Johannes Kast on open data and big data… and the data revolution.
Big Data is shaping the way we look at the world and offers an alternative way of predicting what is going to happen next. And the amount of data is exponentially increasing. While in 2012, 2.8 Billion Terrabyte of data were saved, the IDC predicts that this number will increase to 40 Billion in the year 2020. Data is changing how we make sense of the the world, it changes classic business models drastically and it has the potential to revolutionise social sciences and the development sector.
There is an obvious benefit for companies to use their collected user data to analyse their markets and consumers, a practice that social media has monetized for a while now. And the tendency to collect massive amounts of data by government agencies has been demonstrated by the scope of the recent NSA scandal. However the Open Data and Open Government trend, which is essentially unstructured data being made publicly available to everyone, is growing as well and can potentially open up new possibilities how non-profits (or other third parties) can play a more active and creative role in shaping our world.
While it can be argued that the current form of data being released is supply driven, while it should be demand driven there are already several access points made available. With more than 150,000 data sets and tools to use them, the US Open Data initiative is a step into the right direction, offering raw information on over twenty topics, such as agriculture, climate and education.

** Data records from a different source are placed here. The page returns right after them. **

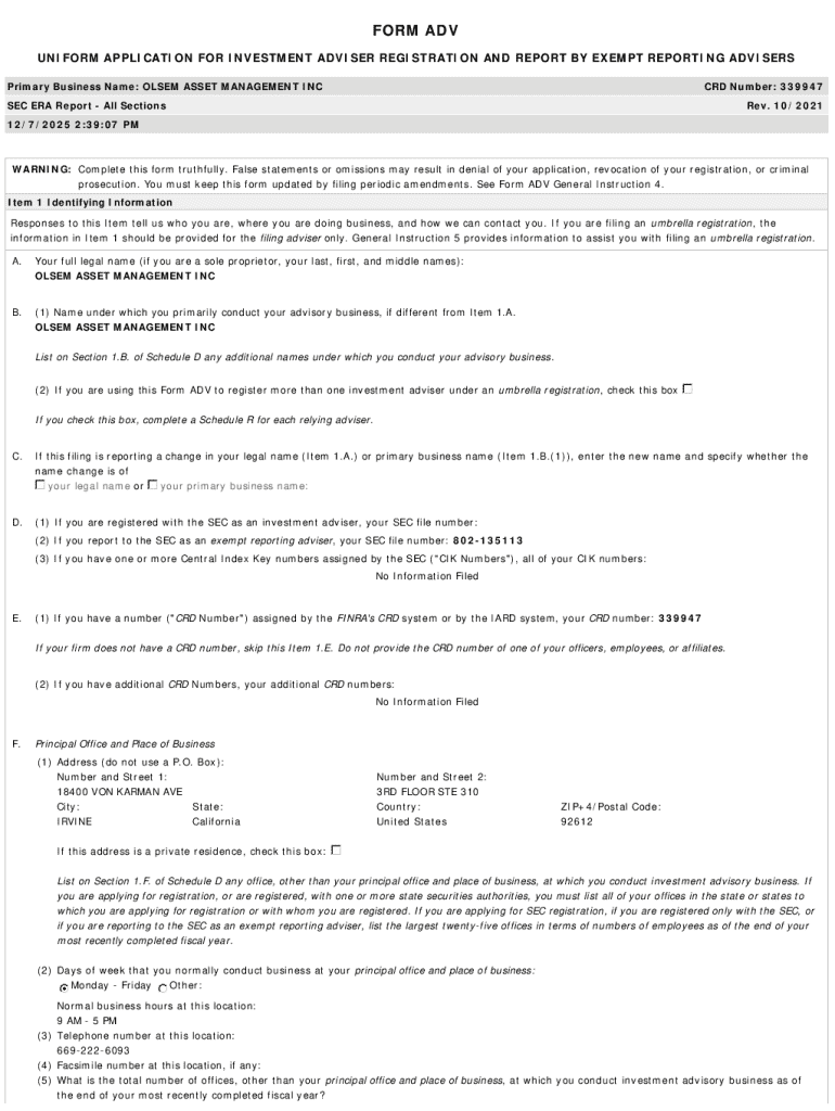 Detailed breakdown of the Olsem Asset Management Inc Form sections
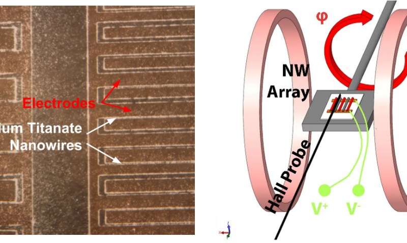 左:鈦酸鋇納米纖維在水中的成功組裝,用稀HCl洗滌除去碳酸鋇后,用檸檬酸懸浮,并在5 kHz和20 Vpp下將pH調(diào)節(jié)至9。右:旋轉(zhuǎn)磁電測量設置的示意圖,其中可以調(diào)整陣列相對于所施加磁場的角度,以探索感應對測得的磁電系數(shù)的影響。圖片來源:佛羅里達大學
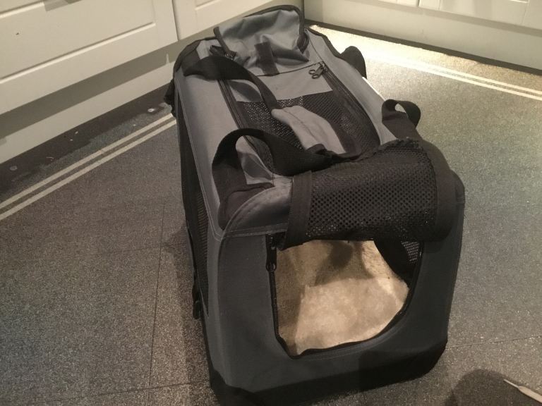 Cozy Pet. As good as new lightweight fabric pet travel crate.
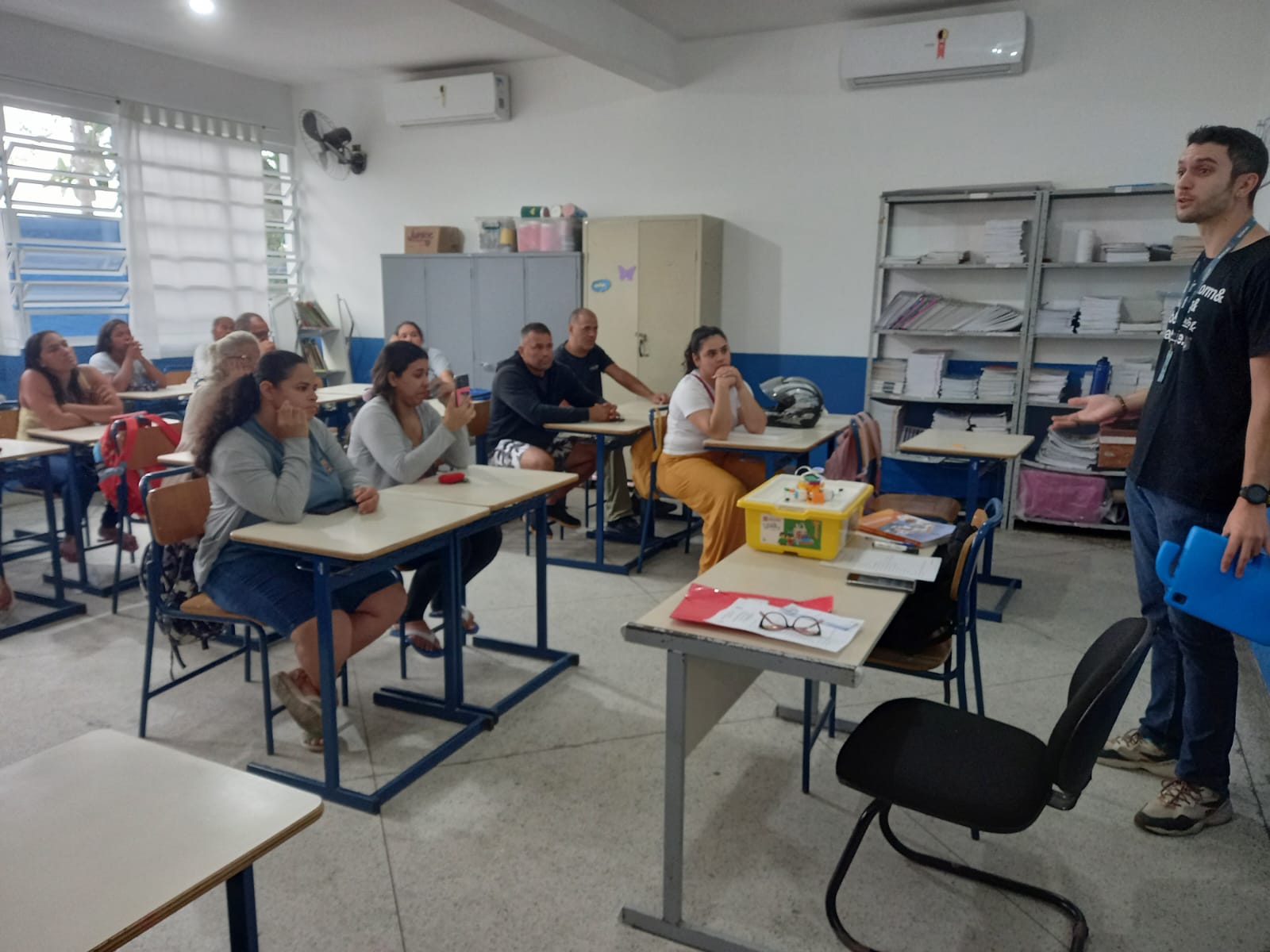 Para conhecer mais de perto e vivenciar como funciona a aplicação do programa de robótica educacional desenvolvido em São Sebastião, familiares de estudantes da EM Profª Maria Alice Rangel participaram de apresentações práticas do programa de robótica na escola. A atividade foi durante as reuniões de pais, entre os dias 29 a 31 de outubro. Ao todo, foram seis reuniões com demonstrações divididas por turmas.
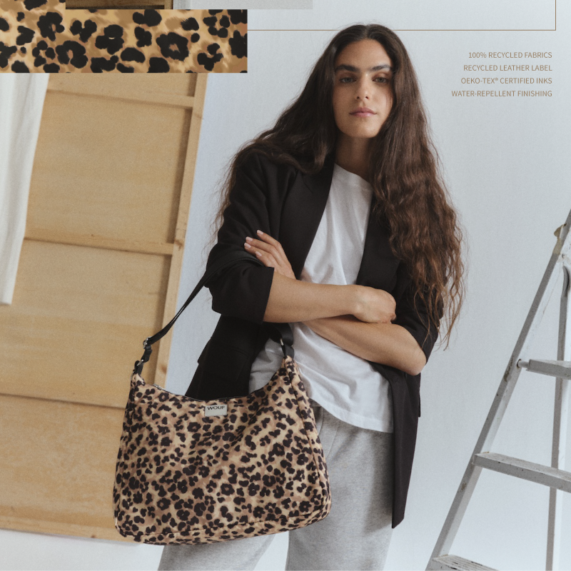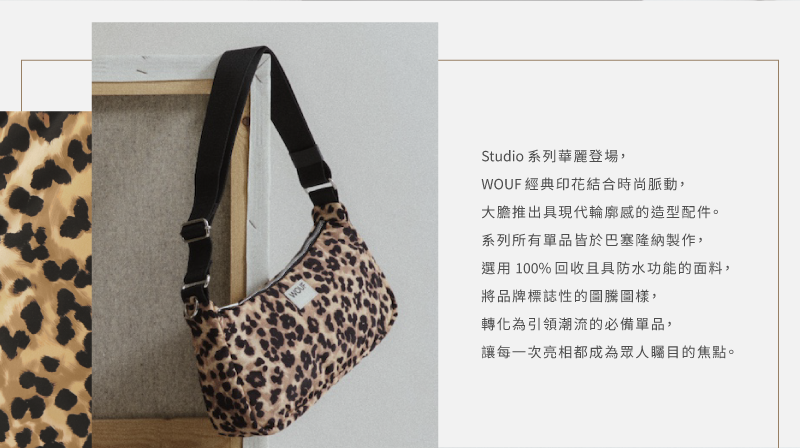 WOUF 經典圖騰轉化為潮流單品,大膽推出具現代輪廓感的造型配件,每次亮相都是全場焦點。本系列產品使用 100%回收塑料瓶製成的再生聚酯纖維布料,擁有防潑水、耐用的優點,使用 Oeko-Tex® 認證墨水印製,以及再生皮革製成的品牌 LOGO皮標。

Many other nations and governmental agencies offer portions of their collected data as well. Data Catalogs is the most comprehensive list with now 390 catalogs of Open Data provided by local, regional and national governments, but also from international organisations like the United Nations, the World Bank and NGOs.
Other places to find and make use of data can be found at the center of knowledge and research. Several universities took part in Dataverse Network projects, which originated at Harvard University in 2006. The Dataverse Network is an open source application for “sharing, citing, analysing and preserving research data.” There are several other Dataverse Networks being launched by universities in the US and other countries, such as in Holland and Denmark.
Some of the largest collectors of data, and arguably the most insightful data when it comes to mirroring our societies, is that created by the collective users of social media sites like Twitter and Facebook. It is estimated that Facebook ingests 500 times more data than the New York Stock Exchange. In cooperation with the most popular social media sites, GNIP is trying to make this ever-expanding wealth of information available to everyone, however it comes with a price, depending on the size and focus of the project the data is being used for.
Another example for an public Open Data map is Natural Earth which flexibly interprets data through visually appealing maps. Freebase is a community driven and open repository of structured (in graphs) data of over 39 million topics about real-world entities like people, places and things. But also individuals come up with innovative ways to collect and interpret data. The user of the social networking site reddit ieeamo came up with this interactive visualisation of a number of data sets on different topics.
And here is a collection of 20 Big Data repositories that were shared by Bernard Marr and posted on Data Science Central to check out.
Big Data, Open Data and Open Government are on the rise and are being described by many as an impending Data Revolution. How will these massive amounts of data at our finger tips change our world and are they potentially impactful enough to eradicate poverty? With the increasing speed that information is created, shared and stored – and increasingly made accessible – we might soon find out.